Kinder bringen viel mehr zuwege. Und ganz nebenbei wachsen sie auch noch! Manche schießen wie die Spargel in die Höhe. Das tat ich allerdings nicht. Meine Leistungen im Lernen, Lesen, Turnen, Einkaufen und Kartoffelschälen übertrafen meine Fähigkeiten im Wachsen bei weitem. Als ich, zum vorläufig letzten Mal, an der Meßlatte stand, sagte der Sanitätsfeldwebel zu dem Sanitätsgefreiten, der das Maß in meinem Wehrpaß eintrug: »1,68 m!« Das ist kaum der Rede wert. Aber auch Cäsar, Napoleon und Goethe waren klein. Und Adolf Menzel, der große Maler und Zeichner, war noch viel kleiner! Wenn er saß, glaubte man, er stehe. Und wenn er vom Stuhl aufstand, dachte man, er setze sich. Unter den großen Männern gibt es viele kleine Leute, man muß nicht verzweifeln.

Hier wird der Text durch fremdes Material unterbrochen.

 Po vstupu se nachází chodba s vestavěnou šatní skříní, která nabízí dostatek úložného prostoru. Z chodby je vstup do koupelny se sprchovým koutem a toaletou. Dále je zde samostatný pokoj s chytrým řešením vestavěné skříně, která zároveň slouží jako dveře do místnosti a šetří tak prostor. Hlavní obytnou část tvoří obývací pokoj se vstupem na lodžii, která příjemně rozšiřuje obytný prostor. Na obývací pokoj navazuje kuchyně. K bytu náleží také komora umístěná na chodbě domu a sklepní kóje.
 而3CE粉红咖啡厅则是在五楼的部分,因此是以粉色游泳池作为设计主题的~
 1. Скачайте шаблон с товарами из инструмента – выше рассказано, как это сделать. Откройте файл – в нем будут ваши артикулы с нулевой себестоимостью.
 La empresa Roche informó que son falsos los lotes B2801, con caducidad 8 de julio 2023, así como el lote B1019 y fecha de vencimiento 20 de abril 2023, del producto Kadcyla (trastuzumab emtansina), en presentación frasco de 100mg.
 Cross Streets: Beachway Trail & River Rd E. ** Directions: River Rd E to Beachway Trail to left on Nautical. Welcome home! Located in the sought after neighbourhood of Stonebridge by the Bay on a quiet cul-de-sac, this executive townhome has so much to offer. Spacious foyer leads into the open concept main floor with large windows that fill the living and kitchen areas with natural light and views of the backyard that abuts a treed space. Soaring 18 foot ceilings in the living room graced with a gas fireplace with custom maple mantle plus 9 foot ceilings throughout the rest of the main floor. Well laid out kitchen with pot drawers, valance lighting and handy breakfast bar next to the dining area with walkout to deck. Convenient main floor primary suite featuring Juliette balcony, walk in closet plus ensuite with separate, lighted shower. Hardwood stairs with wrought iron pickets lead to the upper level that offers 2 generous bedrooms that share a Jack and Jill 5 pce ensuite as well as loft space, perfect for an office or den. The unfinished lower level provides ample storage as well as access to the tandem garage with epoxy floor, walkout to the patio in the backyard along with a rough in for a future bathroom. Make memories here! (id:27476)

Ich ging sehr gern zur Schule und habe, in meiner gesamten Schulzeit, keinen Tag gefehlt. Es grenzte an Rekordhascherei. Ich marschierte morgens mit dem Ranzen los, ob ich gesund oder stockheiser war, ob mir die Mandeln wehtaten oder die Zähne, ob ich Bauchschmerzen hatte oder einen Furunkel auf der Sitzfläche. Ich wollte lernen und nicht einen Tag versäumen. Bedenklichere Krankheiten verlegte ich in die Ferien. Ein einziges Mal hätte ich beinahe kapituliert.
Daran war ein Unfall schuld, und der kam so zustande: Ich war, an einem Sonnabend, im Turnverein gewesen, hatte auf dem Heimweg bei der klitzekleinen Frau Stamnitz ein paar Sonntagsblumen besorgt und hörte, als ich den Hausflur betrat, wie ein paar Stockwerke höher die Treppen mit der Wurzelbürste gescheuert wurden. Da ich wußte, daß meine Mutter, laut Hausordnung, am Scheuern war, sprang ich, drei Stufen auf einmal nehmend, treppauf, rief laut und fröhlich: »Mama!«, rutschte aus und fiel, noch im Rufen und deshalb mit offnem Mund, aufs Kinn.
Die Treppenstufen waren aus Granit. Meine Zunge nicht.
Es war eine gräßliche Geschichte. Ich hatte mir die Zungenränder durchgebissen. Näheres konnte Sanitätsrat Zimmermann, der freundliche Hausarzt mit dem Knebelbart, zunächst nicht sagen, denn die Zunge war dick geschwollen und füllte die Mundhöhle wie ein Kloß.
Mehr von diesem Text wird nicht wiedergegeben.